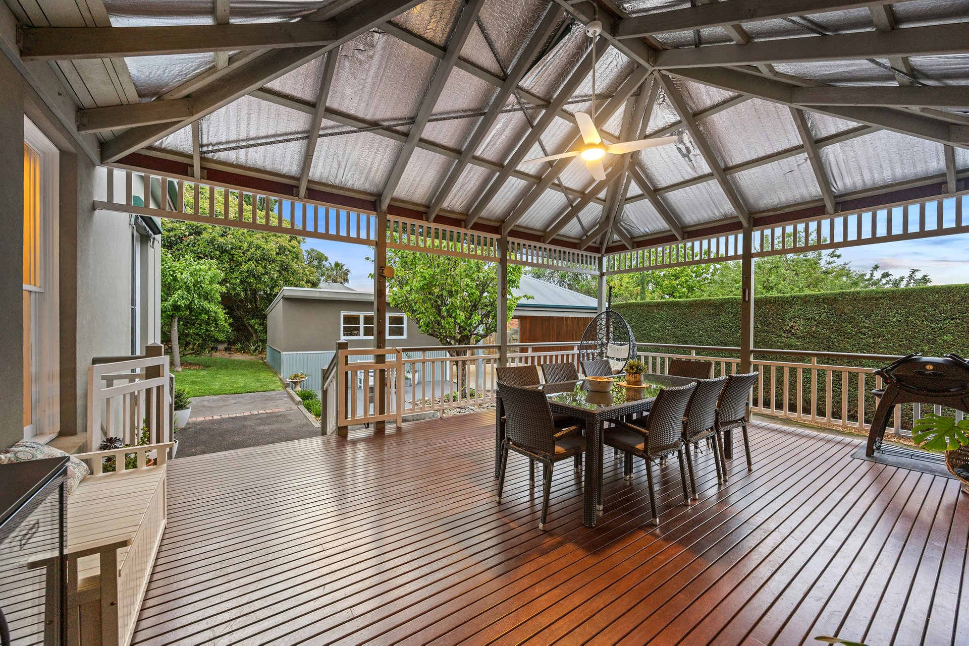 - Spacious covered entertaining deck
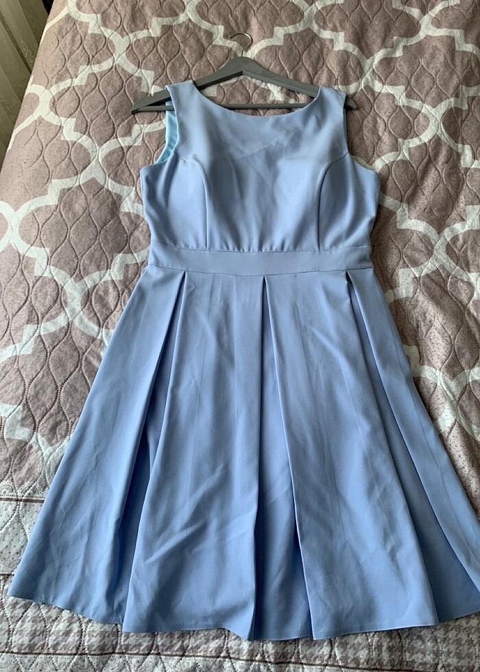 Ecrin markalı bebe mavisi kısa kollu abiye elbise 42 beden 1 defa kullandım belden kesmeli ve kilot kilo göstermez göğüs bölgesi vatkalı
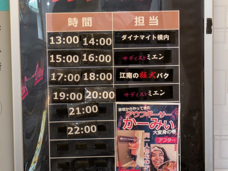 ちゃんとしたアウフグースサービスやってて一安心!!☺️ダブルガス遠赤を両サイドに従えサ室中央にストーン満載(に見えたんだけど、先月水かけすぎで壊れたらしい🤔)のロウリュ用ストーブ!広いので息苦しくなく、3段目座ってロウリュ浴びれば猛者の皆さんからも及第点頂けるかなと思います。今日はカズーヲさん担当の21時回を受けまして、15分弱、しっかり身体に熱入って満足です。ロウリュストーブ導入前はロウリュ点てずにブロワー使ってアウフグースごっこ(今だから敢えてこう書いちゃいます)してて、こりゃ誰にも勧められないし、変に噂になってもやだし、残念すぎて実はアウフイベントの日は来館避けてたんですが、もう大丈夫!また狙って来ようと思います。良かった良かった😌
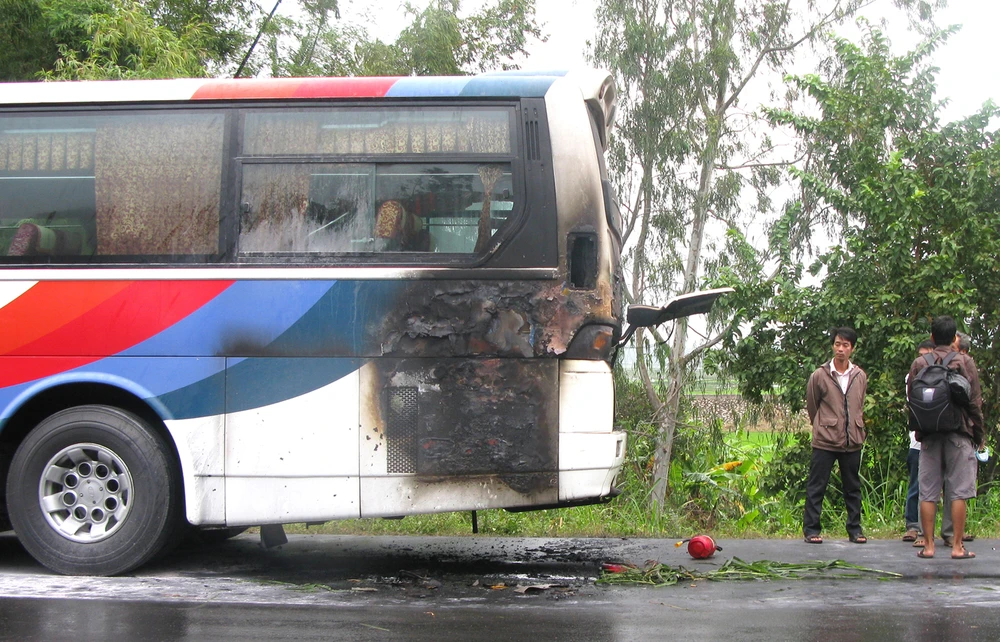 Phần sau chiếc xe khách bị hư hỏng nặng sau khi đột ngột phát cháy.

··········

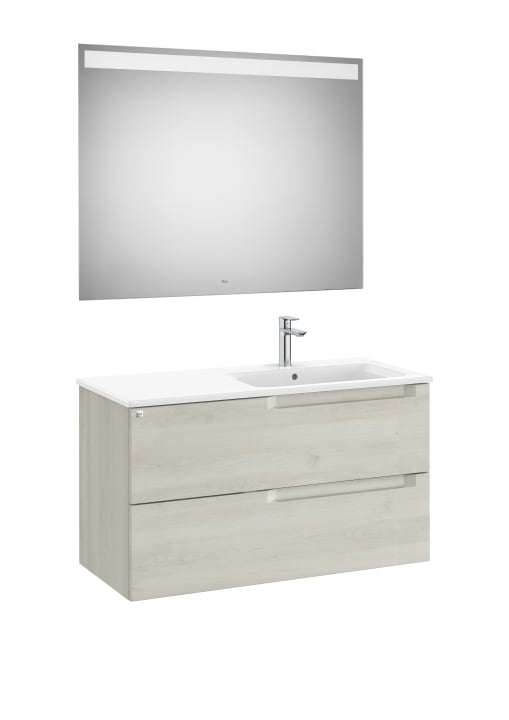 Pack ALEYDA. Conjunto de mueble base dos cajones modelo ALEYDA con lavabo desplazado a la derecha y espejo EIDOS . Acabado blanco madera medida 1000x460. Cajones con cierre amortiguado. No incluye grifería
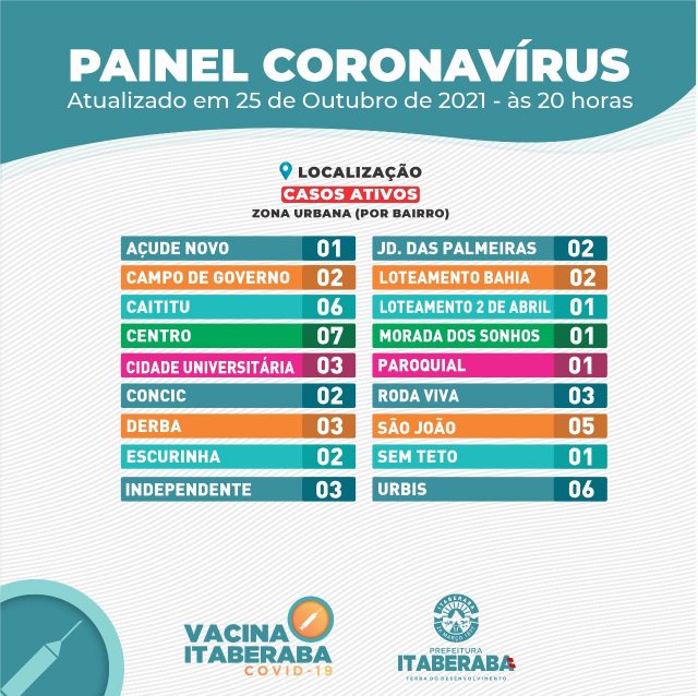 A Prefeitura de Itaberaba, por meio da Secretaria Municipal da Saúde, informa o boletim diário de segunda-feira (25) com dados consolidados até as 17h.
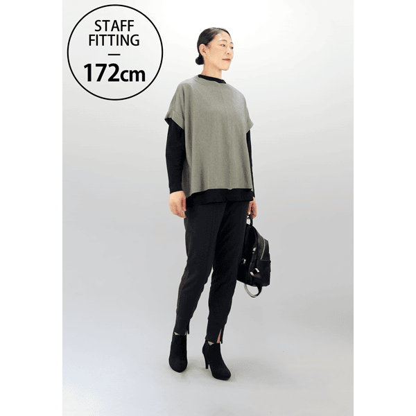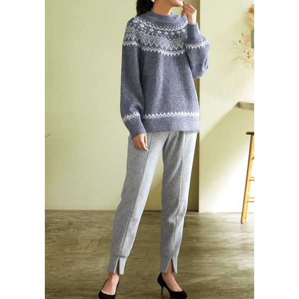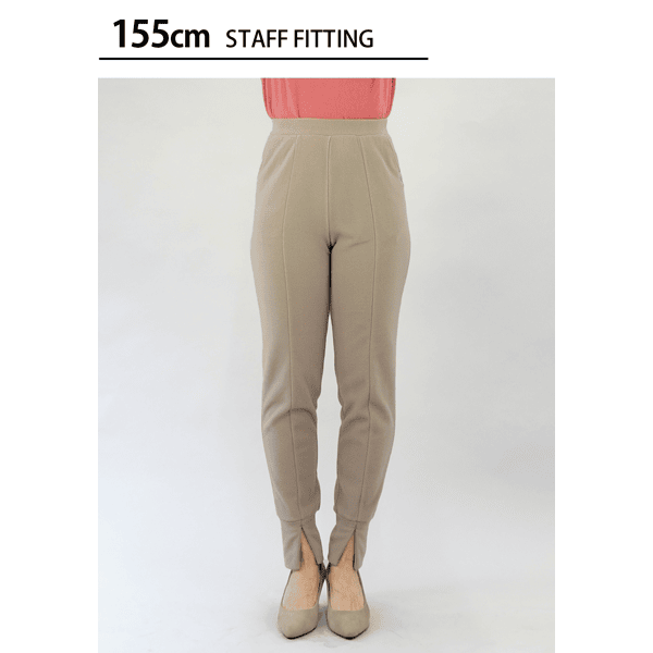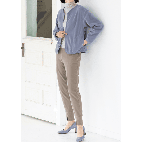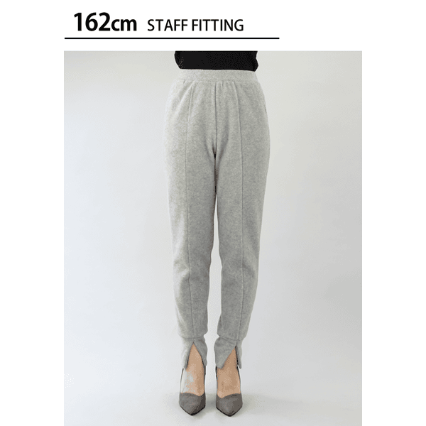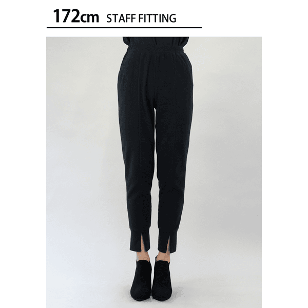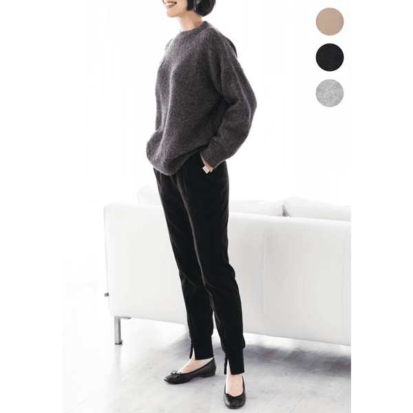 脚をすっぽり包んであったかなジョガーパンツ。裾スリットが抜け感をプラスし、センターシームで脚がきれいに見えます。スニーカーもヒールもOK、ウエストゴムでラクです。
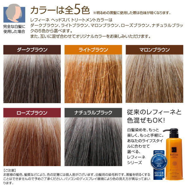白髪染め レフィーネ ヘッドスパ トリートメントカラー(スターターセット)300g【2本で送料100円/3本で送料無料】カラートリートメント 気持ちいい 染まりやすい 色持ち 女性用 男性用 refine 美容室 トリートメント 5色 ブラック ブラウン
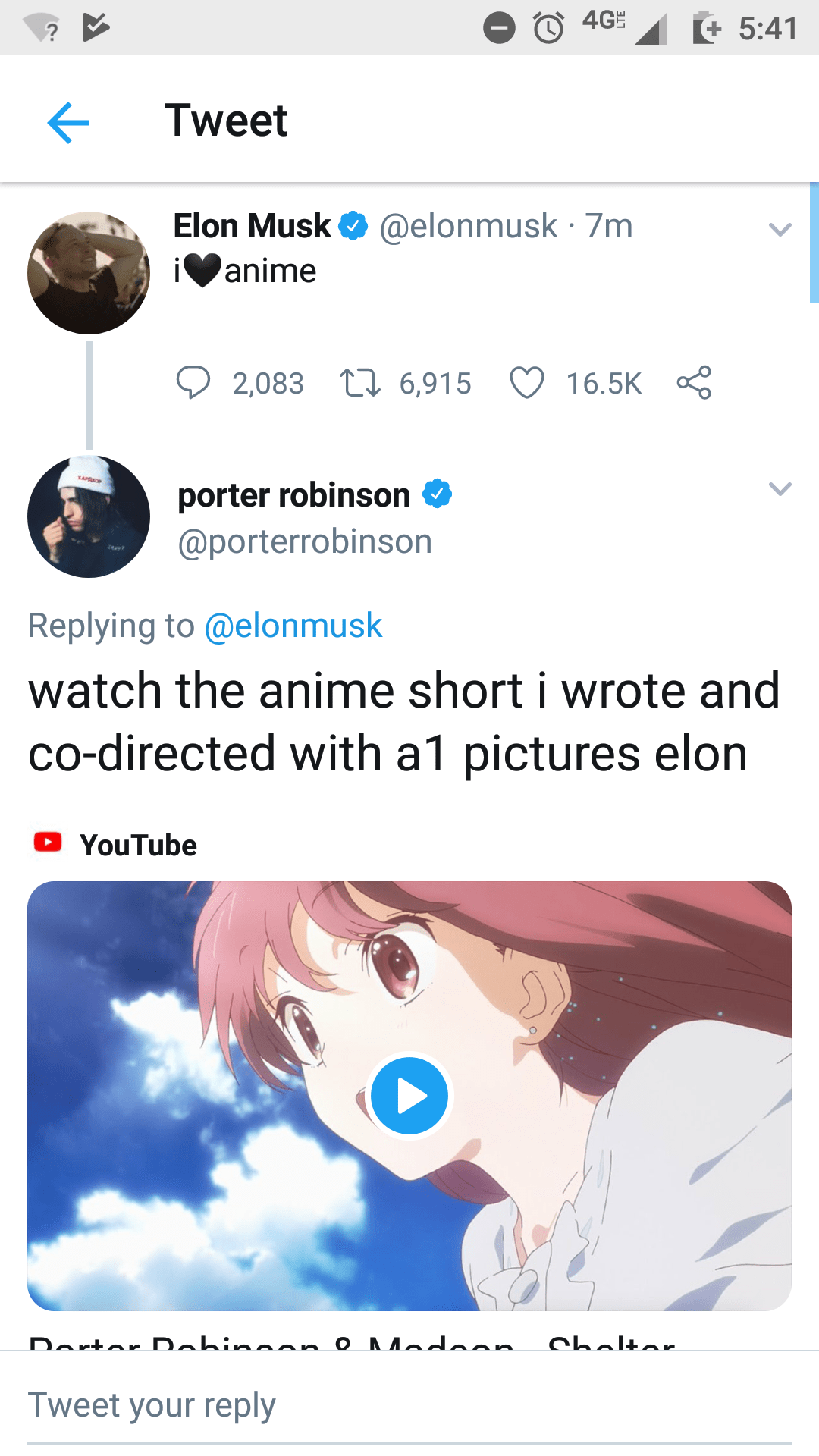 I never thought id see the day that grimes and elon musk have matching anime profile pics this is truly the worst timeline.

··········

Output exactly the lines of the listing above that start with the one holding "A Prefeitura de" and go on through the one holding "I never thought"; leave the pictures out.

 A Prefeitura de Itaberaba, por meio da Secretaria Municipal da Saúde, informa o boletim diário de segunda-feira (25) com dados consolidados até as 17h.
 脚をすっぽり包んであったかなジョガーパンツ。裾スリットが抜け感をプラスし、センターシームで脚がきれいに見えます。スニーカーもヒールもOK、ウエストゴムでラクです。
白髪染め レフィーネ ヘッドスパ トリートメントカラー(スターターセット)300g【2本で送料100円/3本で送料無料】カラートリートメント 気持ちいい 染まりやすい 色持ち 女性用 男性用 refine 美容室 トリートメント 5色 ブラック ブラウン
 I never thought id see the day that grimes and elon musk have matching anime profile pics this is truly the worst timeline.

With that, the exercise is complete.